No hay una definición homogénea de ciudad, pues la misma palabra designa a un pequeño asentamiento con un gobierno centralizado en unas pocas personas o una aglomeración de más de 40 millones de personas (como el caso de Tokio), que requiere de miles de funcionarios para su administración y control y que produce billones de dólares como producto de sus actividades. Se puede adoptar una definición amplia que reconoce que la ciudad es cualquier área en la que “la densidad de población humana y de edificios aumente constantemente, y con ellas las infraestructuras y el nivel medio de renta de la población”, como lo ha propuesto Schilthuizen.

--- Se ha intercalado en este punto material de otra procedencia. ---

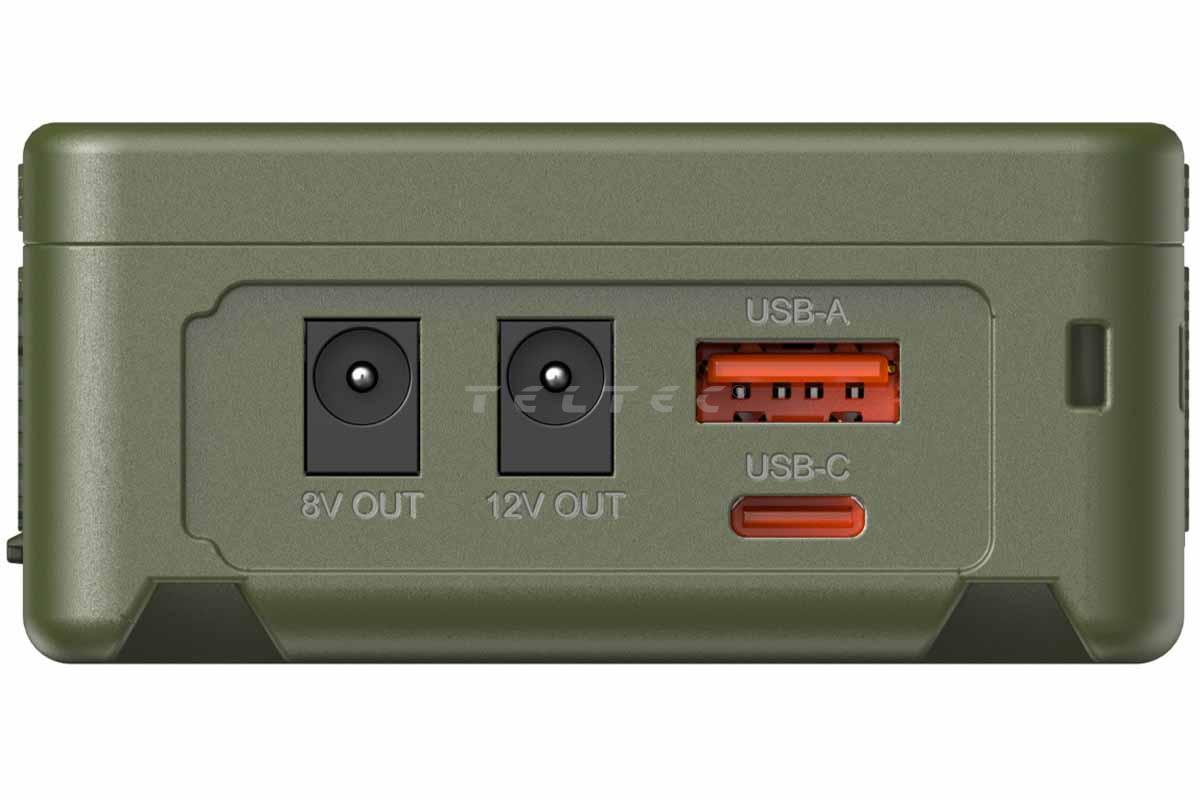 - einen USB-C-Anschluss, einen D-Tap-Anschluss, ein USB-A-Anschluss, DC 8 V-OUT, DC12 V-OUT

La segunda parte del siglo XVIII, con la imposición de las reformas borbónicas, fue la época de la fundación de la mayoría de las ciudades en América Latina, por lo que el objetivo más importante del ordenamiento urbano fue el control de la población. Foucault ha mostrado que ese ordenamiento buscaba eliminar los amontonamientos (incrementando la “distancia social”), dar cabida a las nuevas funciones económicas y administrativas, regular las relaciones con el campo circundante y prever el crecimiento. Para lograrlo, las calles debían cumplir cuatro funciones: la higiene y ventilación para despejar los contaminantes; la disposición del comercio interior; la articulación y comunicación con las rutas externas bajo el control aduanero; y permitir la vigilancia, ante la caída de las murallas que cerraban la ciudad de noche. Jane Jacobs subrayó que hablar de la ciudad es hablar de sus calles y aceras, de su trazado, de los espacios que delimitan y de sus funciones. El ordenamiento urbano atiende aun a los mismos objetivos, ligeramente transformados: establecer la estructura urbana (legislar sobre la diversidad de la exclusión y la segregación); definir y legitimar los usos del suelo (base de la economía y la generación de riqueza basada en el precio del suelo); asegurar la movilidad (trazar las vías y los mecanismos para producir y generar flujos que controlen el contagio biológico y social); proveer espacio público (áreas de separación y frontera más que áreas de convergencia y encuentro) y asegurar el metabolismo urbano (proveer los mecanismos para ofrecer la energía necesaria para el funcionamiento).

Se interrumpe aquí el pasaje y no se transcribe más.